There could be a possible compromise position more amenable to project developers, local manufacturers and distribution companies alike. Some incentivization to local manufacturing would help reduce the dependence on cell and module imports and make locally produced panels sufficiently competitive. Some sort of government payment to the distribution companies could compensate for the additional costs, and higher solar tariffs. Funding for such measures could be sourced from India’s Green Fund, Choudhary suggested.
Being capital-intensive, solar projects are financed mainly through debt finance. According to a report by India’s Council on Energy, Environment and Water (CEEW), about 75% of a solar project’s capital cost is financed using debt. Equity, the other principal financing instrument, accounts for around a quarter of the ticket price.
In India, debt finance for renewable energy projects generally incurs a 10-11% interest rate over a 16 to 18-year loan tenure.

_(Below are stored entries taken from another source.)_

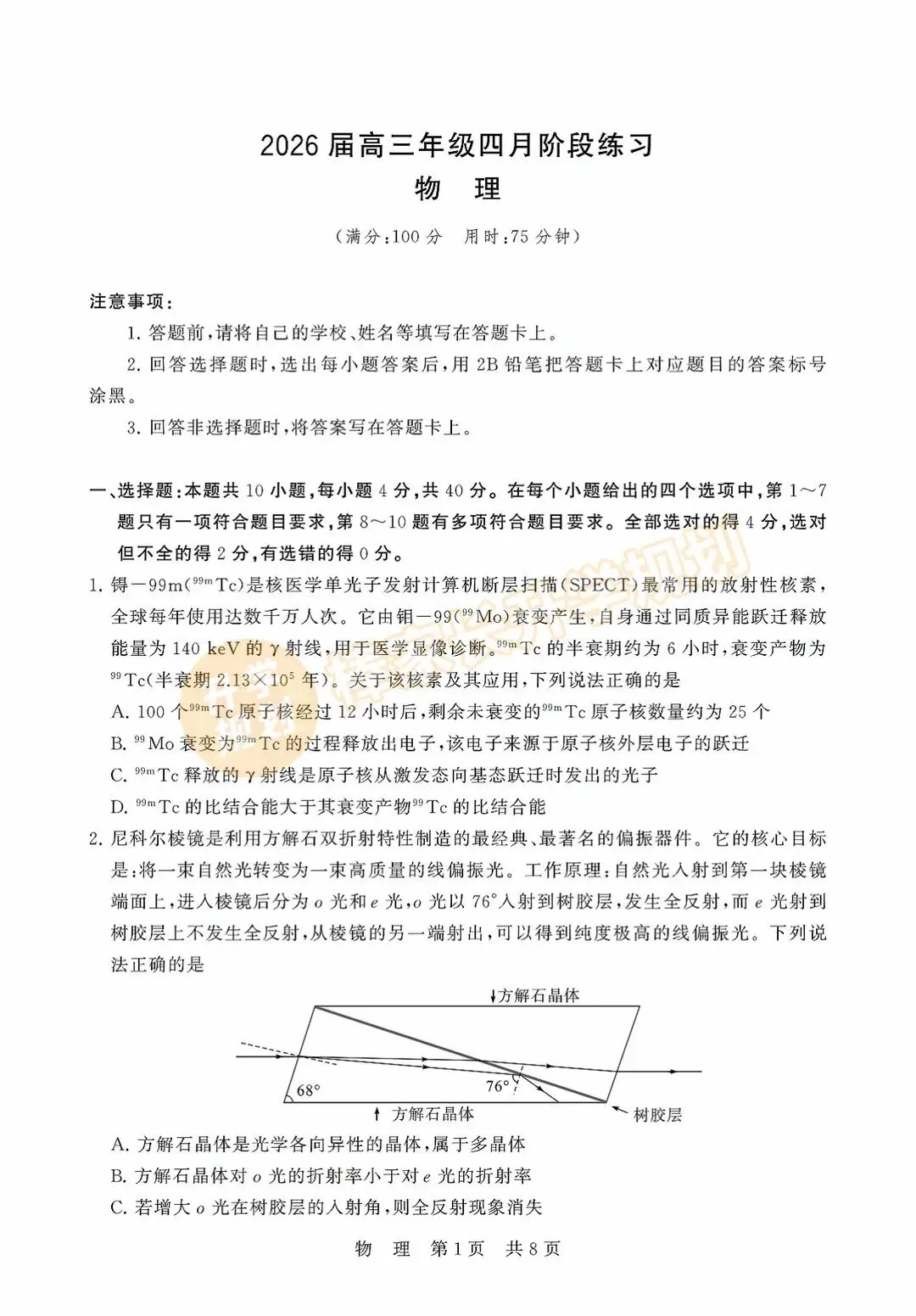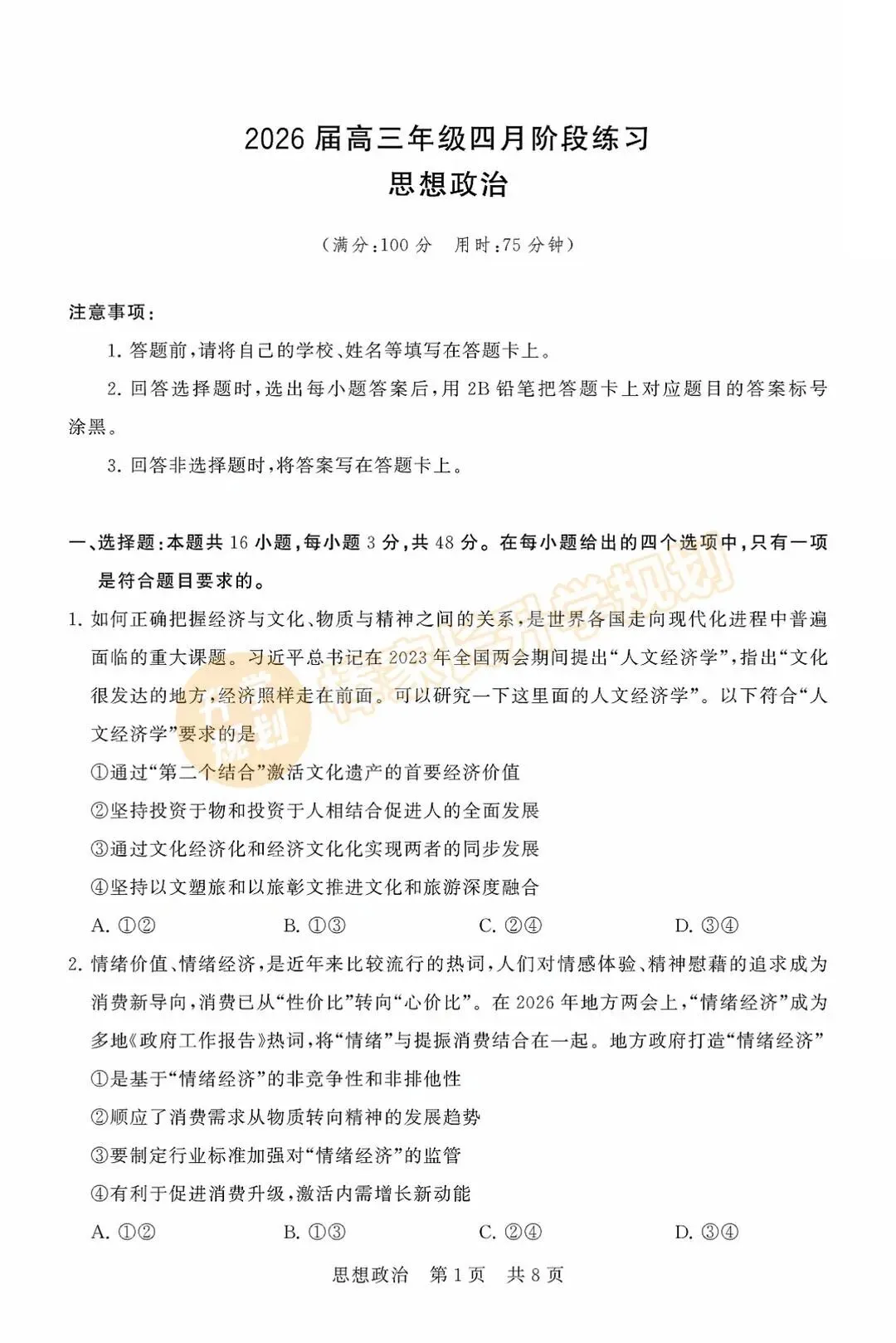 领取2026高三T8联考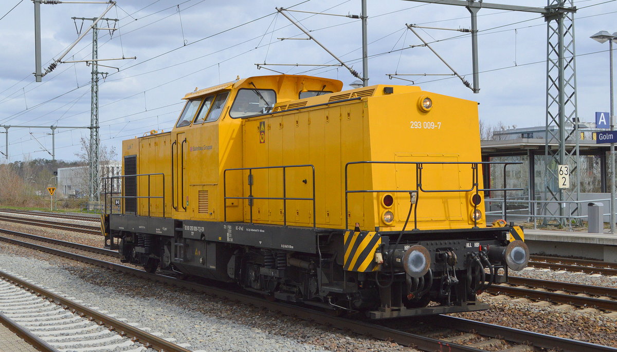 DB Bahnbau Gruppe GmbH, Berlin mit  293 009-7  [NVR-Nummer: 92 80 1293 009-7 D-DB] am 15.04.21 Durchfahrt Bf. Golm (Potsdam).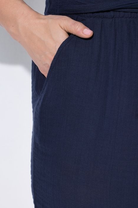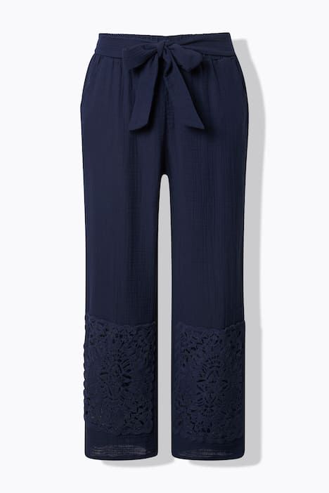 Large bordure en crochet sous le genou, Coupe Marlène, jambe droite et large, Taille élastique avec ceinture à nouer, Poches fendues, Coton bio durable, Entrej. env. 78 cm.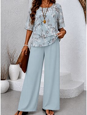Mujer Conjuntos de pantalones Media Manga Mariposa Escote Redondo Floral Graphic Elegante Vacaciones Casual Diario Playa Azul Piscina Amarillo Primavera verano Holgado
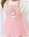 美樂蒂精緻貼布繡,裙身剪接多層次紗裙,拼接格紋布吊帶裙,可愛穿搭
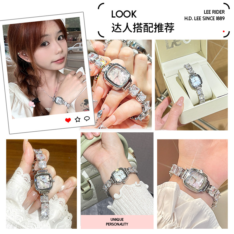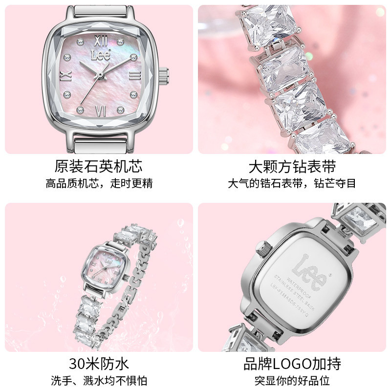 LEE手表女款 贝母小表盘小众轻奢镶钻手链女士石英生日情人节礼物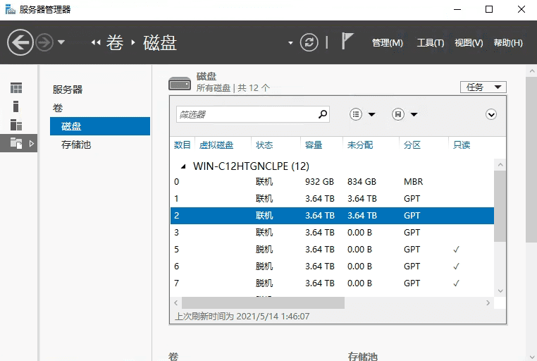 重新启动后,开始配置硬盘,在刚才的服务器管理器中点击存储池。

The CEEW report states that interest rates on debt finance vary depending on the credit worthiness of the offtaker, namely the PPA counterparty.
Interest rates are lower for solar projects involving more creditworthy offtakers such as central government offtakers, like the Solar Energy Corporation of India, state-owned NTPC, and Gujarat distribution companies.
Projects built in areas planned for solar park development, rather than those on developer-acquired or leased land, attracts lower interest rates primarily due to lower land costs and reduced grid infrastructure risks. This again indicates the need to address the fundamental problem of payment delays by Indian distribution companies to generators, to reduce the perception of risk among lenders.